Following these authorities it must be held that the plaintiffs were not concluded by the disallowance of the claim on April 3, 1933. Payment had been refused, but no judicial determination of the claim had been made. It could be reexamined in whole or in part by the board. The refusal of payment warranted the bringing of an action by plaintiffs or the taking of an appeal. It, as has been so often decided, is no more than a way of getting the controversy before a judicial tribunal with power to hear and adjudicate the questions involved in the claim and. render a judgment thereon that is enforceable.

The cash-basis law, enacted about that time, provided that such claims held by creditors against the county should be presented within a very limited time. Plaintiffs had a claim against the county on a contract for its services and expenses, which had been refused, and it was therefore a creditor of the county. In accordance with that law they again presented it to the commissioners and it was again considered and refused. That law required dispatch and speed in order to conform with our system, and it was provided that if the claim was disallowed an appeal might be taken to the district court, and the special proceedings prescribed by it are set forth and were complied with.
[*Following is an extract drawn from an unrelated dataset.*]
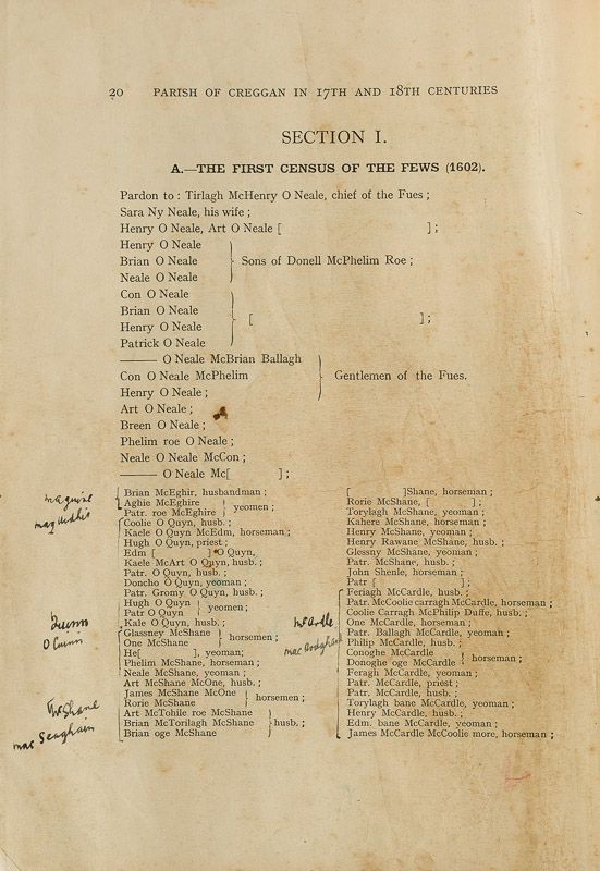 Includes content such as: Glasdrummond Lake / Creggan Graveyard and O Neil Vault / Genealogy of the Johnstons of the Fews MacMurphys / Gaelic Genealogical table of King James I / etc.

The appeal was taken in the way provided, and when this was done the claim was before a court for the first time with power and jurisdiction to determine all questions involved in it. Under the law the court had jurisdiction to hear and determine every legal question there was in the case, and the plaintiffs were not precluded from presenting it by the fact that the board had disallowed the same.

The judgment will therefore be reversed, and the cause remanded for a real trial of the appeal by the district court. It is so ordered.